Khartoum, April 25: European Union election monitors said on Sunday they were concerned about the manual compilation of ballots by Sudan’s election commission, saying it could undermine the transparency of the polls.
EU observers are monitoring the count in Sudan’s first multi-party presidential elections since 1986.
The EU election observation mission “expresses its concern about the current aggregation of results,” it said in a statement.
Results provided by polling stations to regional bureaus have been “in many cases incomplete or incorrectly reconciled making it difficult to enter them in the computerised results management system,” the mission said in a statement.
The National Election Commission (NEC) has asked its regional bureaus to compile votes manually “without the benefit of the necessary safeguards which were built into the computerised system,” the observers said.

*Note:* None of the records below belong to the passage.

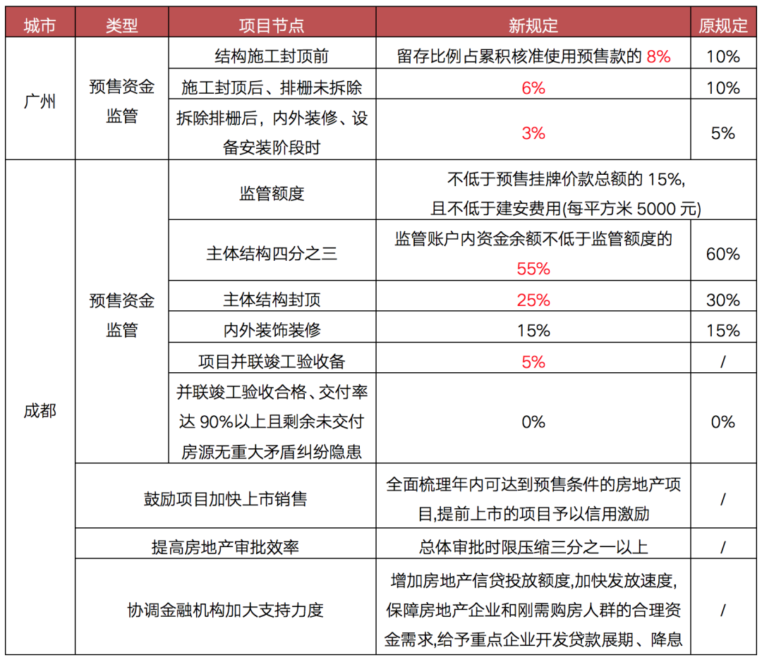 放松對預售資金的監管,調低處于不同工程進度的留存比例,是兩大城市政策的共同特征。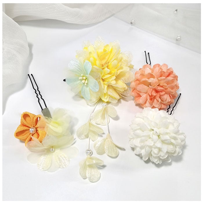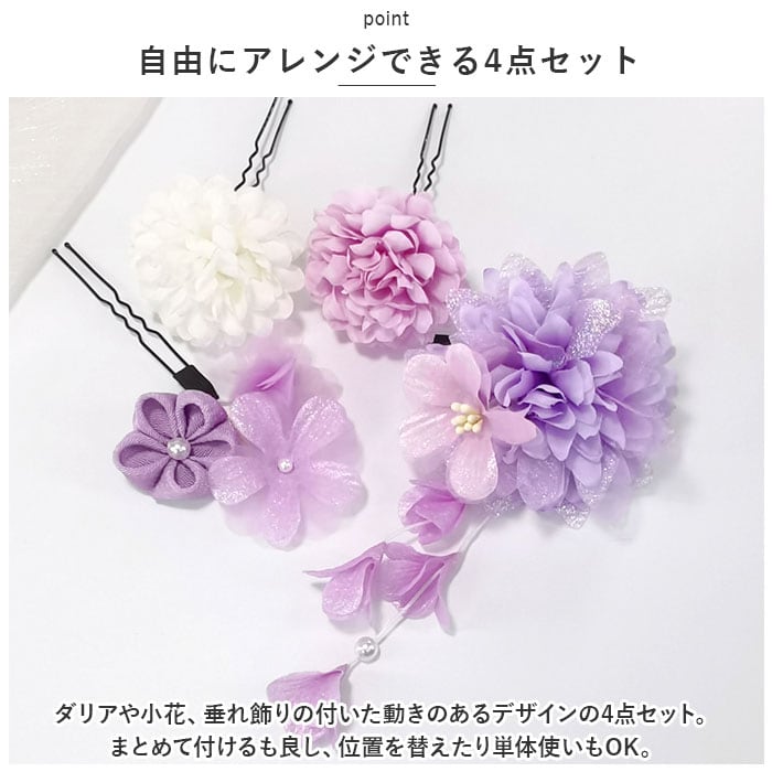 ・ダリアや小花、垂れ飾りの付いた動きのあるデザインの4点セット。まとめて付けるも良し、位置を替えたり単体使いもOK。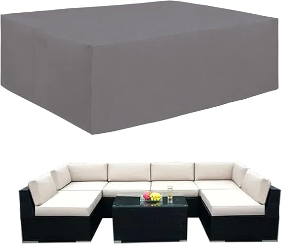 Dimensions: The rectangular furniture cover measures 124"L x 71"W x 28"H, which fits outdoor sectional furniture set and rectangular patio table and chair set. Kindly measure your furniture size before purchasing. It is suggested to choose the cover 1-2 inch larger than your furniture size. Waterproof: The fabric of the outdoor furniture cover is processed with waterproof treatment, coated with PVC backing, can be 100% waterproof, and the reinforced sewing ensures that the water won't seep into the cover on rainy days. Weatherproof: The patio furniture cover is made of heavy-duty oxford fabric, which is durable for long time use, offering protection from natural damage like sun, dirt, rain, snow, etc. Keeping your furniture set to be safe, clean and dry. Windproof: Fastening the 4 quick-release buckles in each corner to table leg can prevent the cover from being blown off on windy days. There is a long adjustable strap at the middle of long side bottom to be closed across the furniture for a tight fix. Easy Use and Care: Two padded handles at each side for easy installation and removal. It is easy to clean, just wipe with water. Do not put it in the wash machine.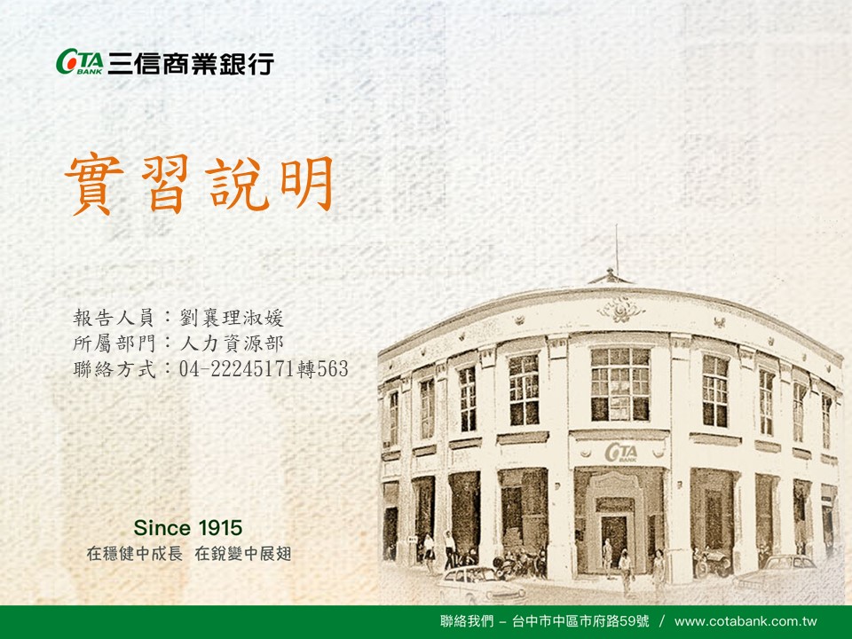 實習地點: 參酌個人志願及公司需求安排,主要以本行台中市各分行為實習地點

Ballot boxes are in theory meant to be returned to the NEC’s 25 regional offices, attached with a form indicating the constituency number and the number of voters.
But if the form is returned incomplete, the results are then compiled manually and avoid the electronic system which can identify dubious results, such as when ballot boxes have more ballots than voters.
“This would not guarantee accuracy and transparency of the aggregations and would thus undermine the integrity of the whole electoral process,” the observers said.
But the NEC retorted that there was no question about the transparency of the process.
“There is nothing to doubt in the results, all the information is on our (internal) system and can be made available if anyone requires,” senior NEC official Al-Hadi Mohammed Ahmed told reporters in Khartoum.
Some 16 million registered voters had been asked to vote from April 11 to April 15 in presidential, parliamentary and state elections.
The electoral commission has been announcing results as they become available from the votes which are likely to see victory for veteran President Omar al-Beshir.